Evlenecek çiftlere 150 bin TL faizsiz evlilik kredisi (48 ay vadeli, ilk iki yıl geri ödemesiz) tüm Türkiye genelinde veriliyor.
Ayrıca ilk çocuk için 5 bin TL doğum yardımı (tek seferlik) uygulaması, 1 Ocak 2025 itibarıyla başlatıldı.
İkinci çocuk için aylık 1 bin 500 TL, üçüncü çocuk için aylık 5 bin TL destek ödemesinin, çocuk 5 yaşına gelene kadar sağlanacağı açıklandı.
GENÇ NÜFUS BİRÇOK SEKTÖRÜ ETKİLİYOR
Demografik baskının ekonomi ve toplumsal yapı üzerindeki etkilerini değerlendiren İstanbul Üniversitesi Öğretim Üyesi Prof. Dr.
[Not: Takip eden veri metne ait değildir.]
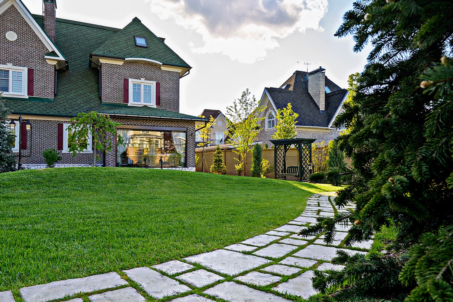 Важно было организовать несколько зон для отдыха и встреч, гармонично вписать архитектурные элементы и превратить сложный рельеф в преимущество, сделав пространство визуально более объёмным и уютным.

Ali Hepşen, “Doğum oranındaki düşüş, yalnızca bir istatistik değil, ekonomik dinamizmin ve geleceğin rekabet gücünün zayıflamasına giden kritik bir kırılma hattıdır” dedi. Prof. Hepşen, nüfustaki değişimi ve çözüm önerilerini şöyle özetledi:
YATIRIM VE ÜRETİME ETKİSİ: Genç nüfus azaldıkça konut, otomotiv, teknoloji ve hizmet sektörlerindeki iç talep ivmesi zayıflıyor. Bu da yatırım iştahını geriletip büyüme potansiyelini aşağı çekiyor. Ülkeler demografik üstünlüğünü kaybettikçe yabancı yatırım nezdinde de çekiciliğini yitiriyor.
KUŞAKLAR ARASI DENGE: Kuşaklar arası denge bozuluyor. Kamu kaynakları yaşlı nüfusa daha fazla yönelirken, gençlerde adalet ve fırsat eşitliği algısı kırılıyor. Büyük kentlerde bireyselleşme ve yalnızlık artarken kırsal alan ekonomik olarak çökmeye başlıyor.
TOPLUMSAL YENİLENME: Bir toplumun kendini yenileme kapasitesi, rakamsal doğum teşviklerinden önce aile bilincinin çocukluktan itibaren sağlıklı biçimde inşa edilmesine bağlıdır.
GELİR VERGİSİNDE İNDİRİM: En düşük gelir grubundaki haneler bütçelerinin yüzde 33.2’sini konut ve kira, yüzde 30.4’ünü ise gıda ve alkolsüz içeceklere harcıyor. Bu oranlar, özellikle barınma tarafında hane halklarının ciddi bir destek ihtiyacını gösteriyor. Gelir vergisi sistemi çocuk sayısına göre yeniden kurgulanabilir. Gelir vergisinde çocuk sayısına göre kademeli indirim modelleri devreye alınabilir.